Interesting poker hand - can Phil Ivey be intimidated? - strategy
http://mindyourdecisions.com/blog/2010/09/07/game-theory-in-high-stakes-poker/

======
barrydahlberg
Is intimidated the right word? Can you risk enough money on a hand to make it
unprofitable for the other player, becaues you want to make a point? Sure.

------
eof
That article misses some obvious possible hands Ivey could be putting Booth
on. 4-5 for the straight, or something like 8-9 of diamonds for the open ended
straight + flush draw.

Ivey obviously can be intimidated. I was watching and playing a lot of poker
and saw this hand go down the first time it was played on TV. I was sure Ivey
would fold.

It's really hard to make a true analysis of the hand without more information.
Is Ivey playing above his bankroll? Has he been losing recently? Does Booth
have a backer? Did Booth have a side-bet that acted as a hedge?

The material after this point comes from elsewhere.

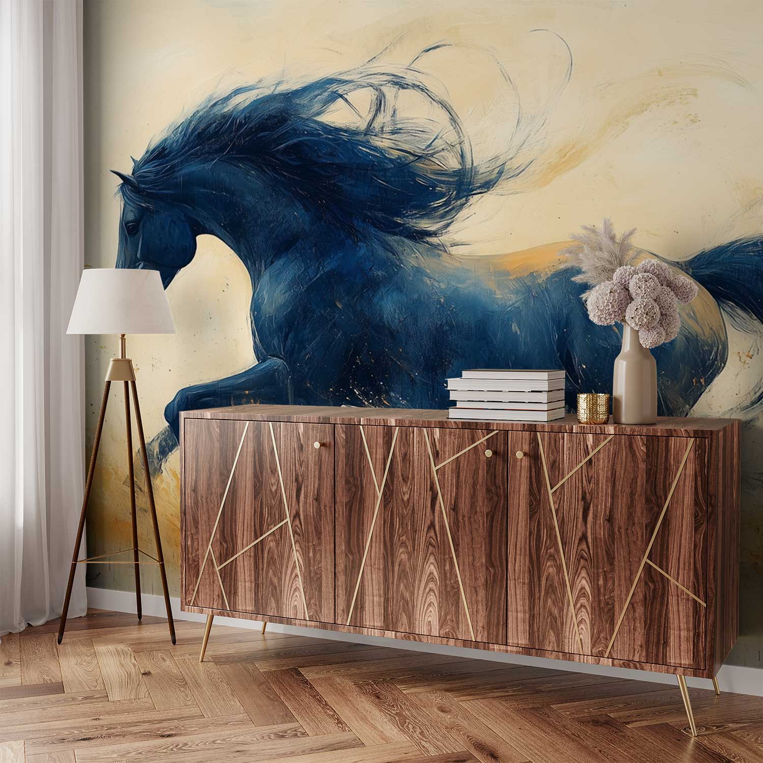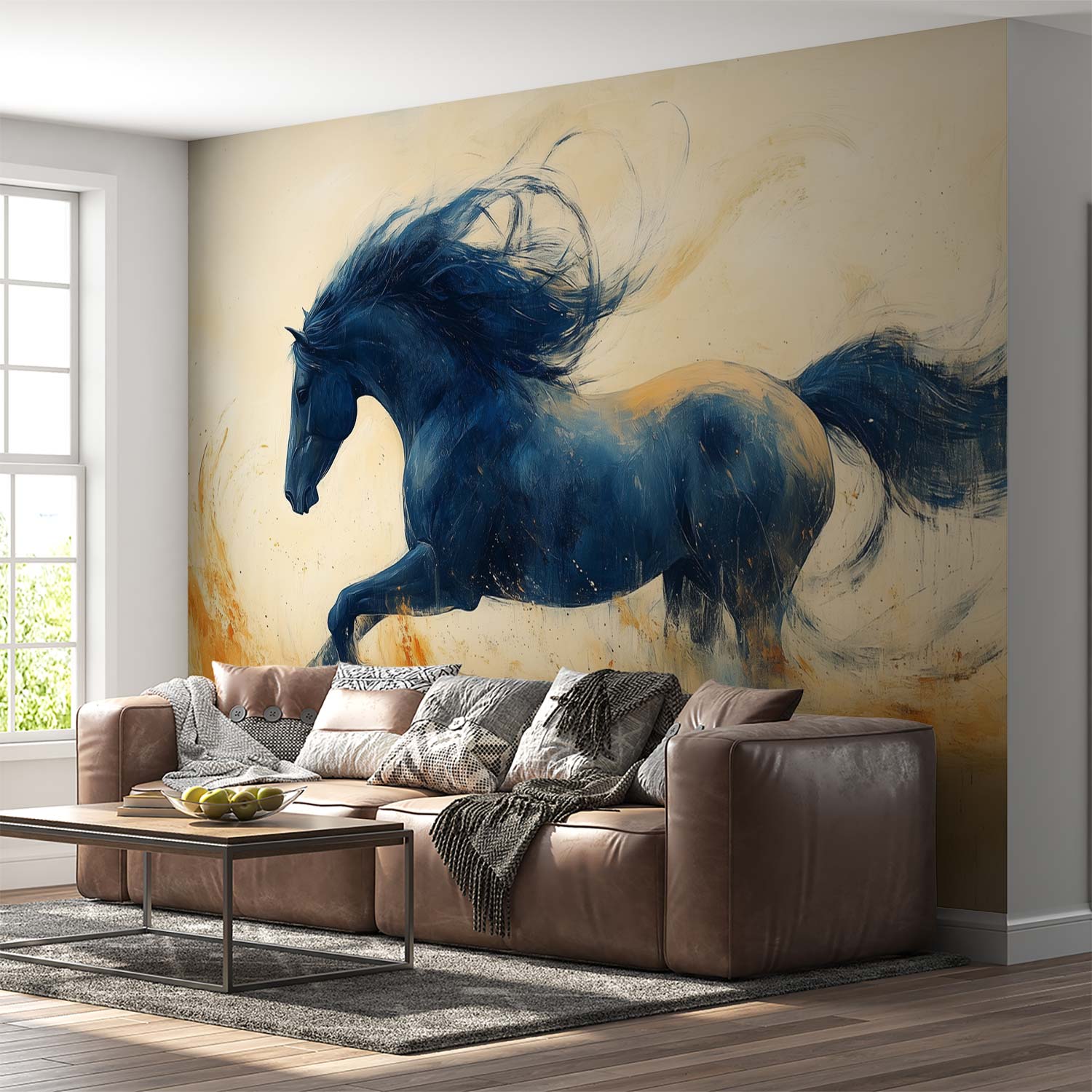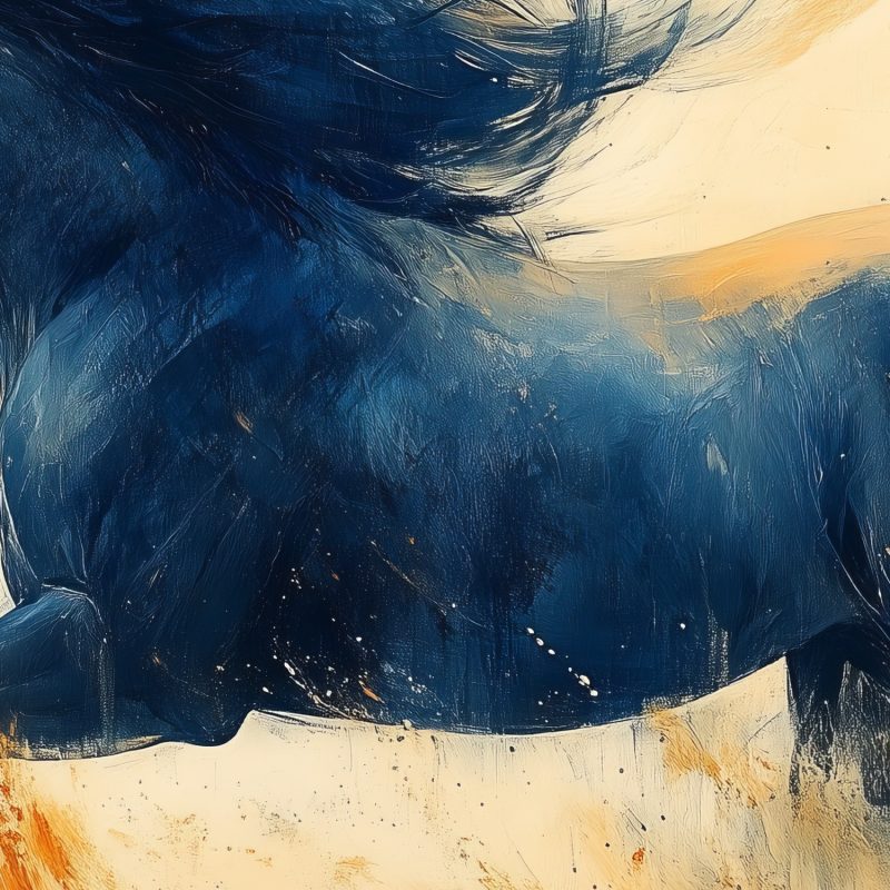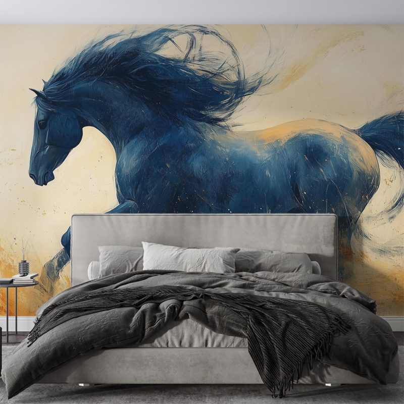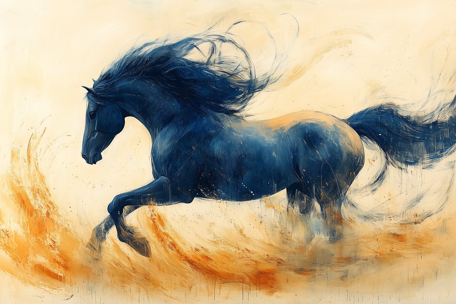 Vurige oranje en gele tinten vangen de dynamische galop van dit krachtige zwarte paard. Zijn wapperende manen en zwevende hoeven stralen pure energie uit. Dit levendige kunstwerk brengt beweging en vrijheid in je ruimte, perfect als statementwand die zowel elegantie als passie toevoegt. De meeslepende sfeer transformeert elke kamer in een theatrale omgeving vol emotie en karakter.
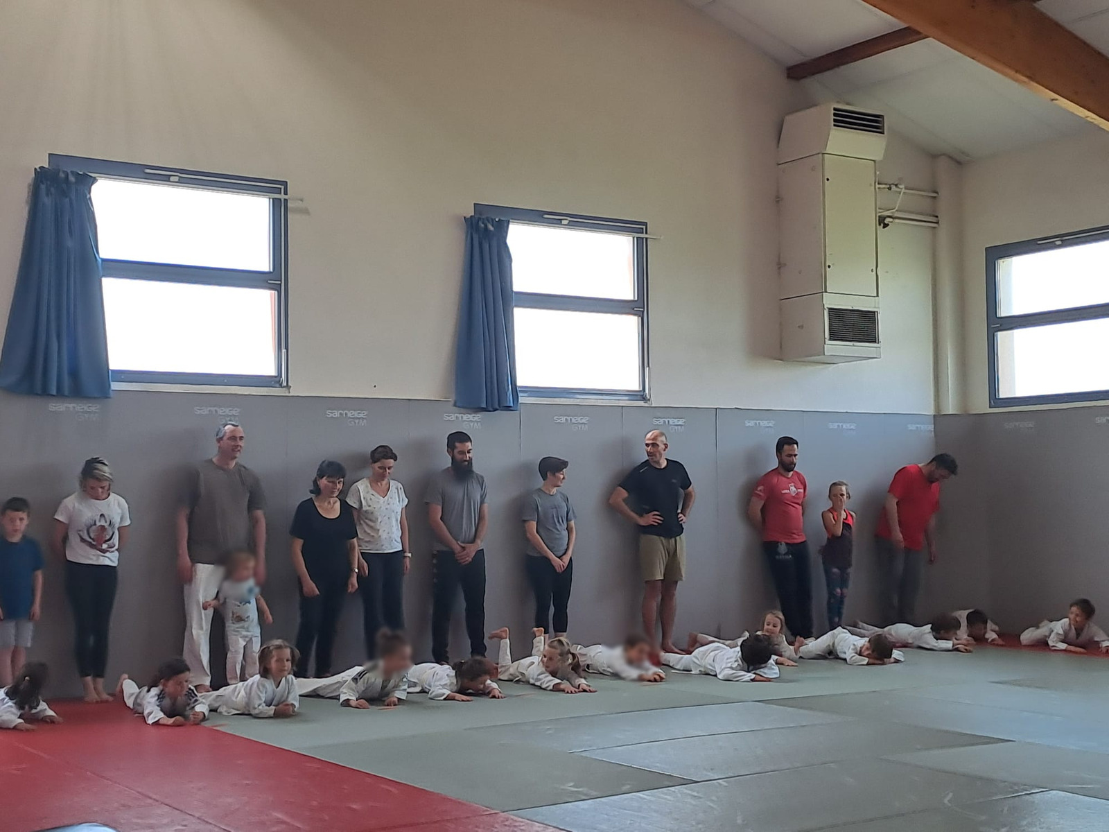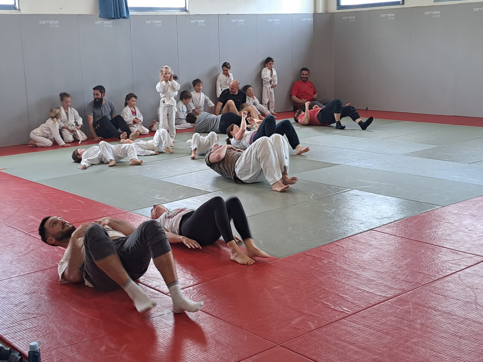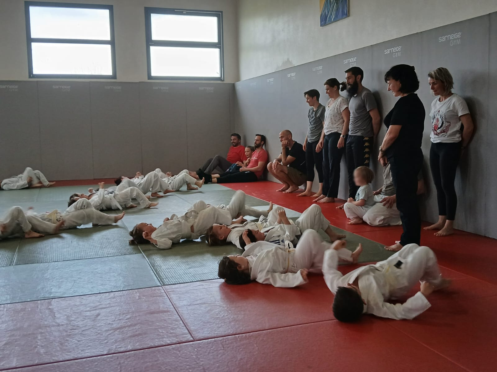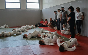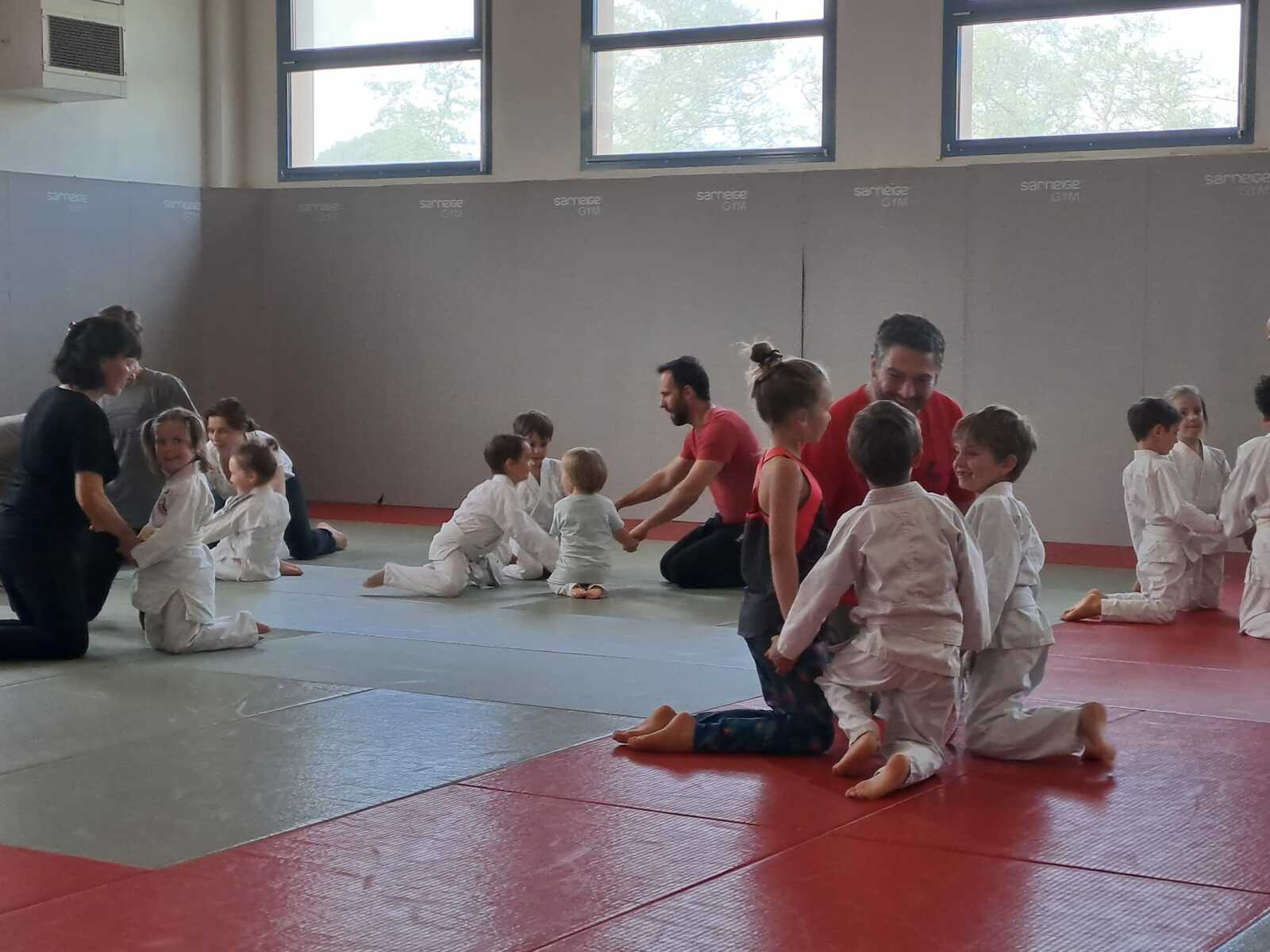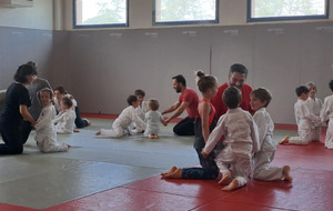 Les baby 2 (né(e)s en 2019) ont invité leurs parents, frères et sœurs sur le tatami. L'occasion pour les néophytes d'apprendre les rudiments de la chute arrière, les déplacements au sol ainsi que les retournements et les immobilisations grâce aux explications d'Arielle. Le tout agrémenté de jeux et de bonne humeur.

This is obviously a truly amazing play on Booth's part. Ivey defines his hand
when he plays it so straight-forward.

If Booth has a nut-flush draw, it's basically a coin flip. Booth could have
the nuts, which would mean Ivey needs to draw perfect-perfect to a boat.

Really, the only thing Ivey beats here is a pure-bluff. Booth won his 50k, but
undoubtedly that bluff, probably the biggest bluff in the history of poker up
to that point, to be seen by so many people has paid off much more than that
50k pot.